現代刀 銘: 康宏 刃長: 72.6cm、反り: 2.5cm
地中の白い斑点は「飛び焼き」、棟にも焼入れ。(写真右下)切先付近の地紋 
(刀身提供元/三井田盛孝氏)

刀匠への道
 大正3年(1914)、山梨県東八代郡豊富村に生まれる。甲府の商業学校卒業後、東京にてレコード店を営む。
 陸軍に召集されて中支派遣軍に配属。漢文の素養があった為に特務機関の宣撫工作員となる。昭和17年に除隊。
 翌年に再び召集され支那戦線に投入される。
 以前の特務機関の戦友達は無謀なインパール作戦に投入され、無念のうちに斃れていった。
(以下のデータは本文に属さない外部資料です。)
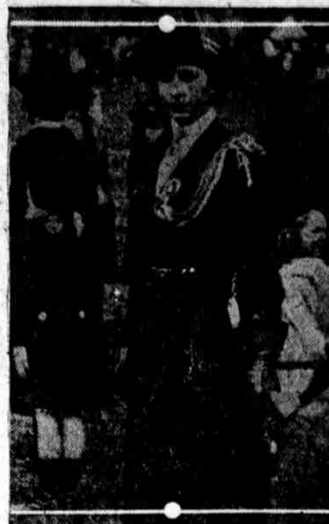
VISITING AT EDINBURGH. Princess Mary of England in the Scottish city during Girl Guides' celebration

 昭和21年に復員。進駐軍基地への冷凍機の商売を始める。
 昭和35年(1960)頃、懇意な刀鍛冶の鍛刀所で秋元昭友(戦中、栗原彦三郎昭秀門)と知り合い、後援者のようなことを始めた。
 日本刀の作刀が再開されたとはいえ、この当時、刀材は完全に枯渇していた。刀匠達は刀の材料の確保に大変な苦労をしていた。
 こうした状況の中で「地鉄を研究しょうと思い立ち、仕事を放っぽり出して一生懸命に鉄を作って秋元刀匠の元に持って行った。
 そして良い刀ができた。
 ところが、この刀匠が蔭に廻ると、小林さんは素人でいい加減なことを言って困る。この金で作れ、あの金で刀を作れと言って
困る・・・と何時も他人に話している。
 こりゃしょうがない。いかん。自分でやろうということになった」・・・これが刀匠となるきっかけだった。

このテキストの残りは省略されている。